Print verbatim the lines from the beginning of the entries through the line containing "Flags at half-mast, ANZAC Day", both ends included. Pictures should be left out.

━━━ Exercise data ━━━

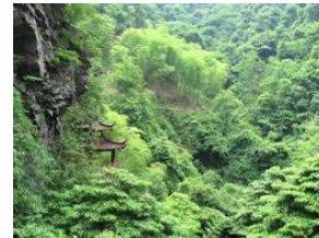
China's Bamboo Forest
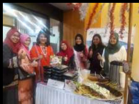
ASEAN Woman Circle Annual Charity Bazaar
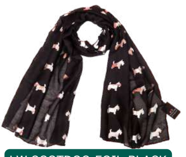
LW-SCOTDOG-FOIL-BLACK BLACK / SILVER
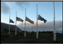
Flags at half-mast, ANZAC Day

Entertainment was "limited" to watching DVD's, reading, playing board or card games, enjoying the southern ocean views from the bridge, chatting with fellow passengers, and in my case – dog walking. I was one of 6 dog handlers on the voyage, responsible for the welfare of the 12 dogs which had to be fed, exercised, toileted, trained and groomed each day. The helideck at stern provided the perfect exercise / training / toileting area and
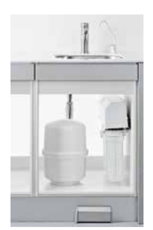
MELA dem 47 fitted in the floor unit, with removal valve and storage container
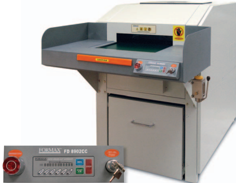
LED Control Panel with Load Indicator
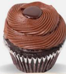
Chocolate Creme' CupCake

Moist chocolate base, creamy Oreo-infused frosting, topped with a tempting cookie crumble.
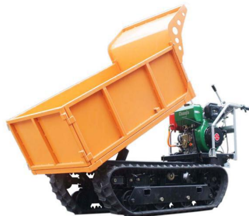
mini crawler type truck dumper 1000KG (palm garden transporter)
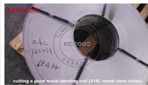
cutting a good metal bending coil (316L metal steel strips)
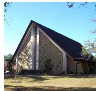
St Luke Methodist Church
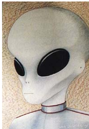
Drawing by Lisa Dusenberry based on man's alleged

Yes. And you could make out no lips, but you could make out the slit for the lips. The eyes, you could tell it had a film over the eyes, but they were still dark.
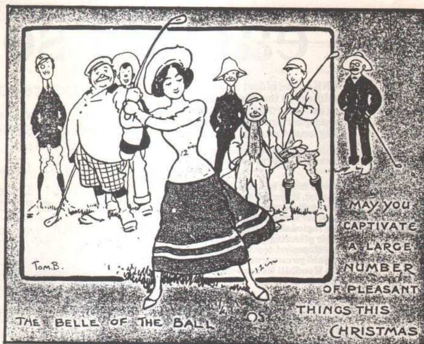
1905 Early Tom Brown Christmas Card
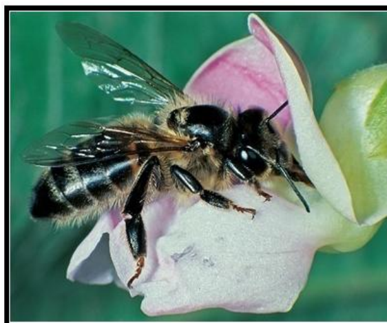
Fig. 2. Apis mellifera collecting nectar in a flower of Vigna unguiculata .

Third, the comparison of the percentage of normal seeds showed that the difference was significant between treatment 3 and treatment 2 in 2016 ( \chi^2=4.26 ; df=1 ; P<0.05 ) and highly significant in 2017 ( \chi^2=9.73 ; df=1 ; P<0.01 ) respectively. For the two years, the pods produce by flowers bagged and visited exclusively by A. mellifera have more normal seeds than those of protected flowers.
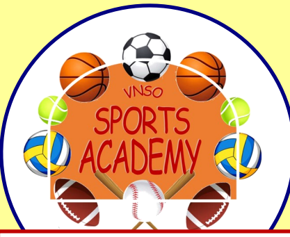
Online Registration Opens: March 5, 2024 Camper age: 7yrs-13yrs old
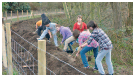
TOP RIGHT: Farnborough students
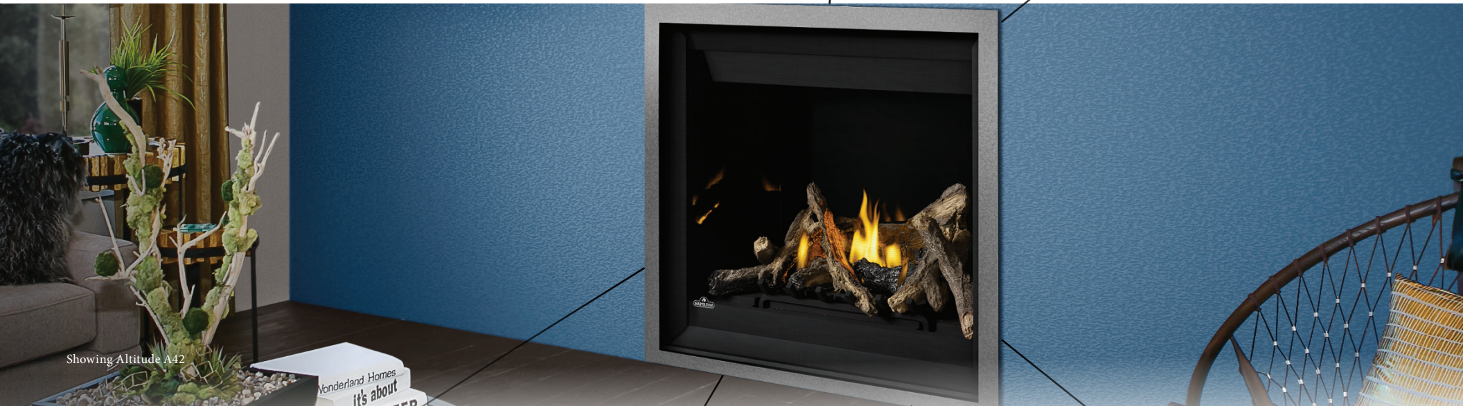
Showing Altitude A42

Fulfills consumer demand with the full view design
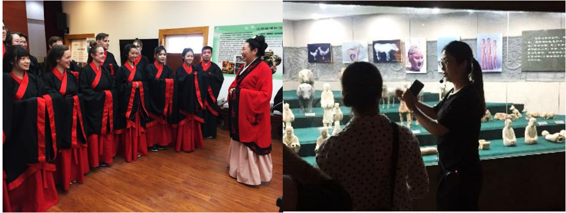
Han Culture Experience Day
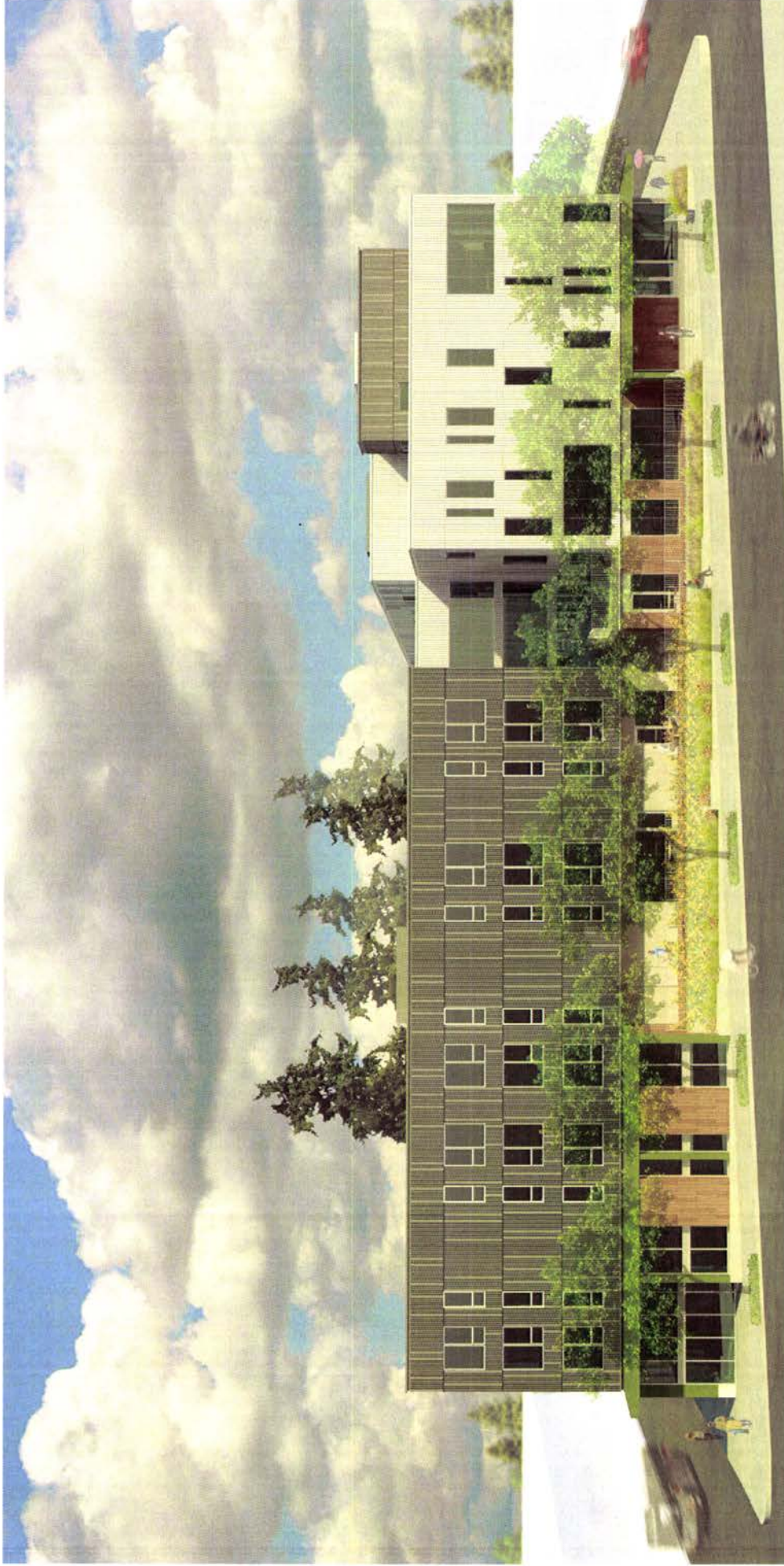
RENDERING - STARK STREET

ST. FRANCIS PARK APARTMENTS 1136 SE STARK STREET, PORTLAND OREGON DESIGN REVIEW APPLICATION 07/24/15

━━━

◆ **Response**
China's Bamboo Forest
ASEAN Woman Circle Annual Charity Bazaar
LW-SCOTDOG-FOIL-BLACK BLACK / SILVER
Flags at half-mast, ANZAC Day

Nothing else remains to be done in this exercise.